Material provided

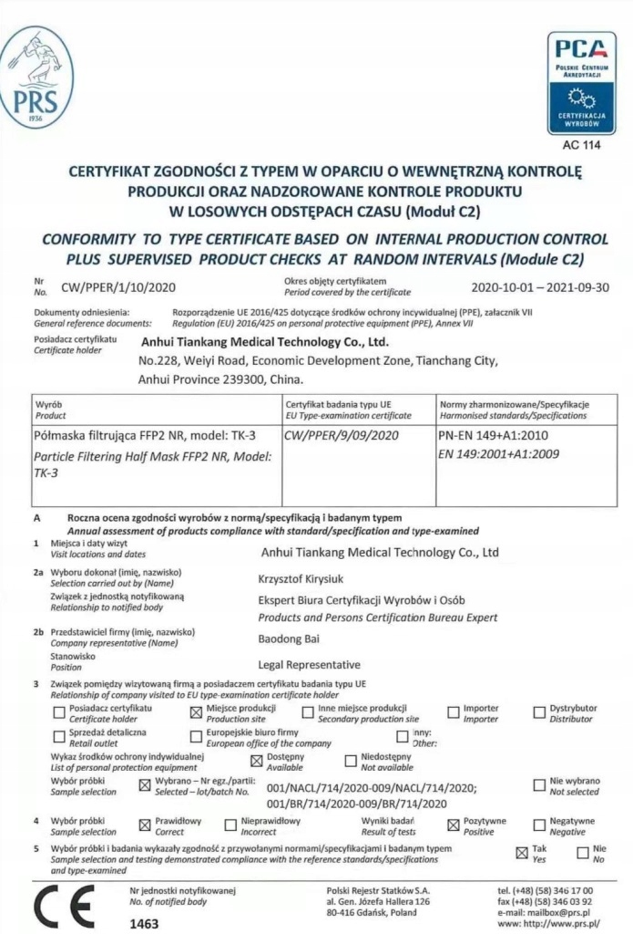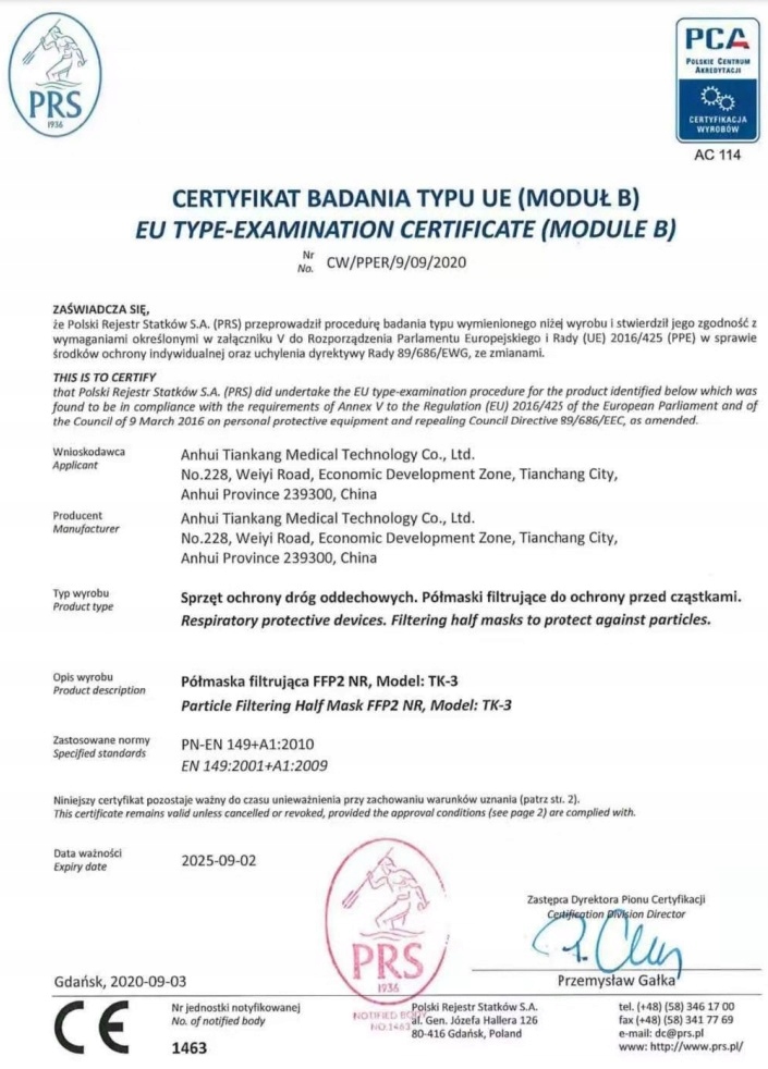 Фильтрующая полумаска FFP2 NR, предназначенная для защиты органов дыхания от твердых и жидких частиц, соответствует требованиям стандарта EN 149:2001 + A1:2009, используемого для демонстрации соответствия гармонизационному законодательству ЕС, т.е. Регламент (ЕС) 2016/425 Европейского парламента и Совета о средствах индивидуальной защиты.
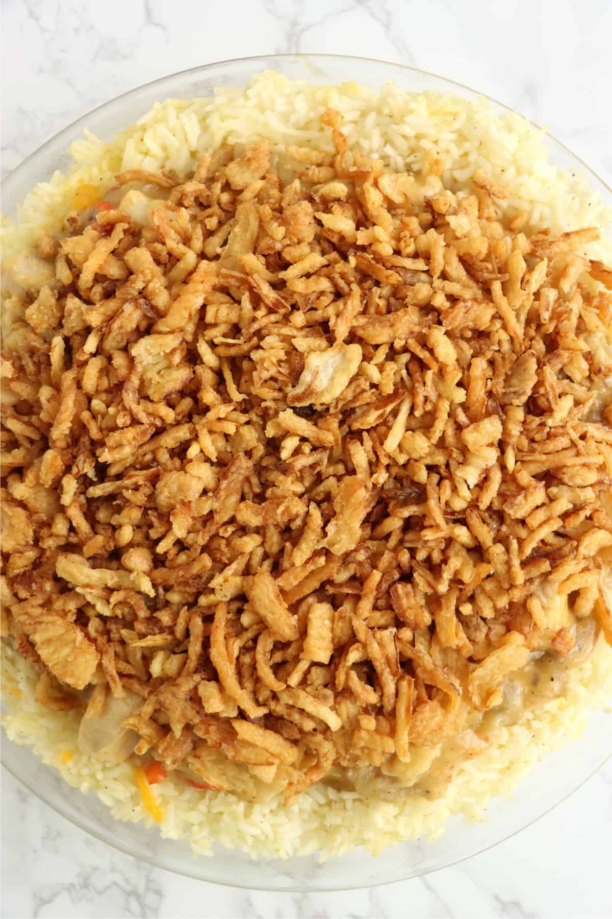 - Sprinkled French fried onions over top.
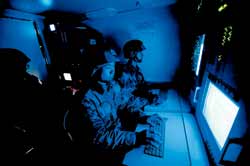在行动的各个环节,担负干扰的“蓝军”电磁分队加紧实施干扰。“蓝军”电磁分队不时释放错误诱导信息,干扰“红军”指挥通信,诱使装甲车队向错误地域开进,“红军”指挥员及时启用隐蔽指挥网接受上级命令,各级指挥员迅速采取应对措施,开通新的通信网络。随着信息对抗的展开,“蓝军”启动多种干扰方式对“红军”指挥控制通信系统进行干扰压制,红方指挥员启用反干扰预案,综合运用多种手段对抗,并设置佯动通信网,对“蓝军”实施战术欺骗,保障了指挥通信的顺畅。“蓝军”随即启用动态干扰网络,搜寻“红军”指挥通信网,采取从短波、超短波、到微波接力等多波段覆盖式干扰压制,此时的“红军”大部通信方式中断,采取有线通信、卫星通信与运动通信相结合的方式,保证了不间断的指挥。
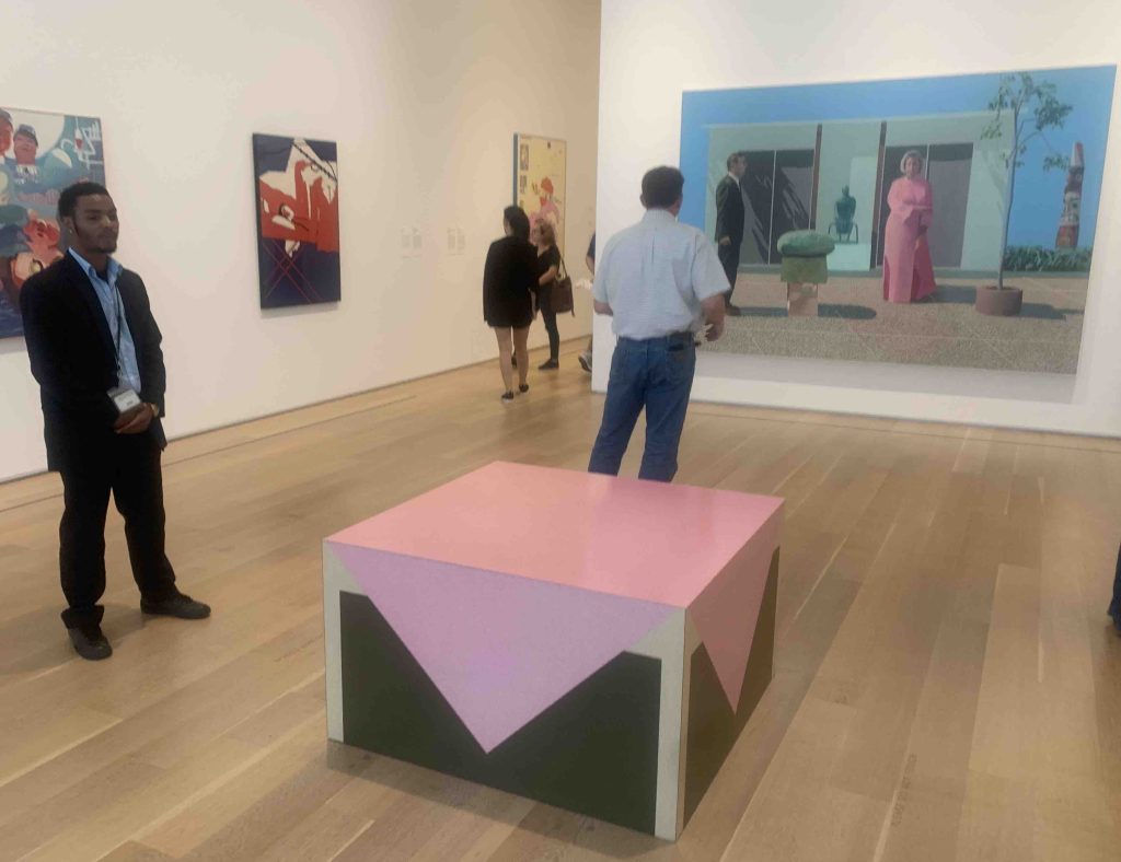 One especially engaging yet weird juxtaposition of two modern artworks is Richard Artschwager’s Table with Pink Tablecloth, 1964, set plumb in front of David Hockney’s American Collectors (Fred and Marcia Weisman), 1968. The Artschwager is in exactly the position, and at the right height, for a seat to rest on while you gaze at David’s draughtsmanship. Which is what almost everybody must go to do, to such an extent that the museum posts a guard there every minute of the day to prevent exactly this. The young man occupying this role while we were there was engagingly wry about the necessity of the position, but we couldn’t help wondering why the Artschwager couldn’t be displayed elsewhere.
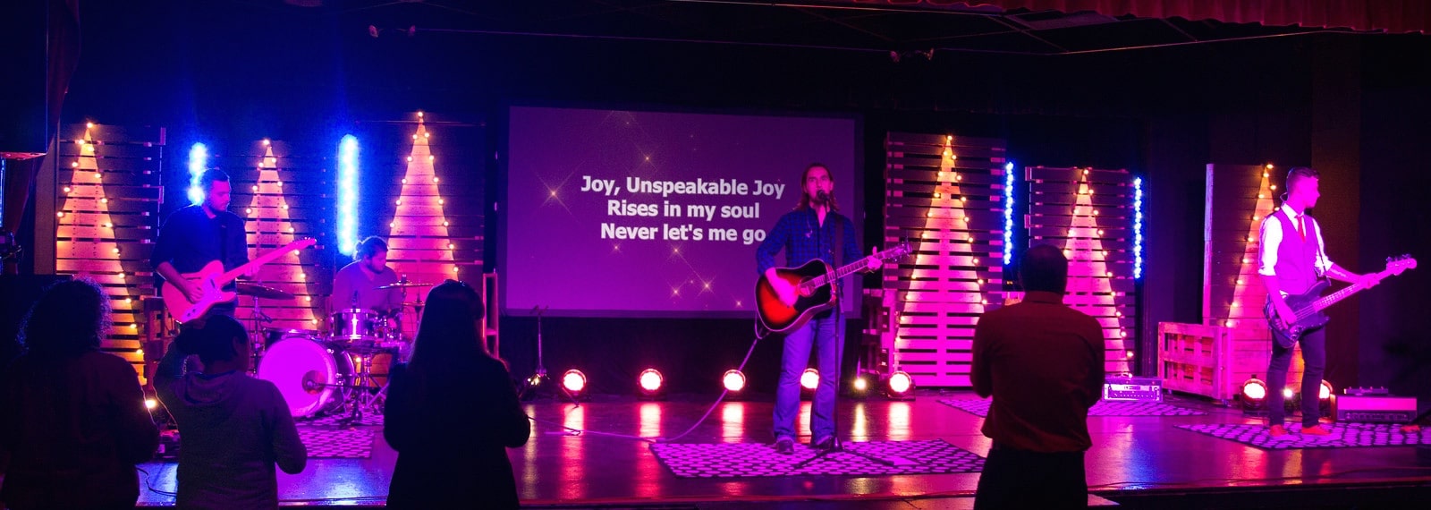 As a portable campus, they needed something that brought the Christmas vibe to their weekend experience but could be rolled out of the High School in a few minutes when they tore down. After seeing several pallet sets on this site, Jeremy decided that was the look he wanted to go for.

Exercise prompt
Output the line containing "在行动的各个环节,担负干扰的" and each line after it, through the end of the material, exactly as given. No pictures belong in the output.

Solution to this problem
在行动的各个环节,担负干扰的“蓝军”电磁分队加紧实施干扰。“蓝军”电磁分队不时释放错误诱导信息,干扰“红军”指挥通信,诱使装甲车队向错误地域开进,“红军”指挥员及时启用隐蔽指挥网接受上级命令,各级指挥员迅速采取应对措施,开通新的通信网络。随着信息对抗的展开,“蓝军”启动多种干扰方式对“红军”指挥控制通信系统进行干扰压制,红方指挥员启用反干扰预案,综合运用多种手段对抗,并设置佯动通信网,对“蓝军”实施战术欺骗,保障了指挥通信的顺畅。“蓝军”随即启用动态干扰网络,搜寻“红军”指挥通信网,采取从短波、超短波、到微波接力等多波段覆盖式干扰压制,此时的“红军”大部通信方式中断,采取有线通信、卫星通信与运动通信相结合的方式,保证了不间断的指挥。
 One especially engaging yet weird juxtaposition of two modern artworks is Richard Artschwager’s Table with Pink Tablecloth, 1964, set plumb in front of David Hockney’s American Collectors (Fred and Marcia Weisman), 1968. The Artschwager is in exactly the position, and at the right height, for a seat to rest on while you gaze at David’s draughtsmanship. Which is what almost everybody must go to do, to such an extent that the museum posts a guard there every minute of the day to prevent exactly this. The young man occupying this role while we were there was engagingly wry about the necessity of the position, but we couldn’t help wondering why the Artschwager couldn’t be displayed elsewhere.
 As a portable campus, they needed something that brought the Christmas vibe to their weekend experience but could be rolled out of the High School in a few minutes when they tore down. After seeing several pallet sets on this site, Jeremy decided that was the look he wanted to go for.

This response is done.